At this point I wont make any experiments with medications. After cipro I find this idea crazy. Not for others here on PR - don't get me wrong - but for me.

But again: I can't find the difference between being floxed and having ME. In my opinion, the floxed all have ME! So if one could understand what flouroquinolones exactly do, that might be helpful with ME as well...

Martin, you are young and your illness may disappear quickly all by itself, so you don't need to experiment any drug.
I am ill for 35 years (I had my first Minocycline treatment as a teen), so my point of view has changed over time.
My first muscles symptoms were some kind of cramps when I was contracting too long, and pain after exercise (pain for 2 days).

The question of seing floxed as a toxical model of ME is interesting, but fluoroquinolones have several ways of being toxic to many tissus and cells, so it is rather complex and not all elucidated yet.
I'm not sure that all the floxed have the same kind of symptoms, do they?

How did you get this tested?
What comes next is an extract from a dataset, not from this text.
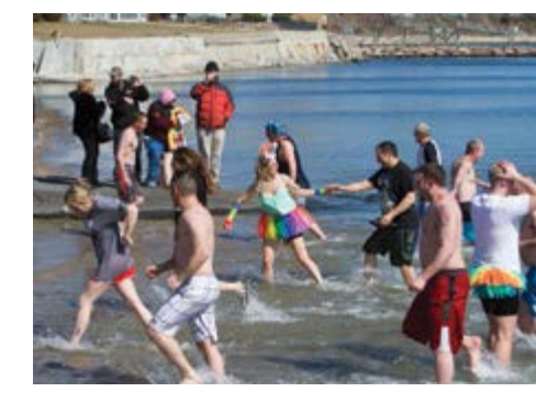
The Annual Anchor Dip, sponsored by the Anchor Pub & Grille and Jubilee Yacht Club in Beverly, raised $13,046 for another successful fundraiser.

I always hit the wall when I try to convince any neurologist to diagnose damage done by the atbx.

-Tests for neuromuscular junction disorders diagnosis are:

  • Repetitive nerve stimulation
  • Electromyography (EMG)
  • Nerve conduction studies
  • Exercise testing
  • Single-fiber EMG
the treatment is cholinesterase inhibitor (MESTINON...)

-Tests for HypoPP is a specific kind of electromyography (see here)

The treatment is DIAMOX or other carbonic anhydrase inhibitors.

I didn't have any EMG testing, but I talked to my GP and he agreed that a trial with these medications was worth doing, given the fact that they are not pricey and that the benefit/risk balance was good.

I tryed only two days with the first med (Cholinesterase inhibitor), and got worse so I stopped.

Then I tryed Diamox at low dose, and immediately found some relief. Now I take just the dose that gives me improvement, as I don't want to take too much.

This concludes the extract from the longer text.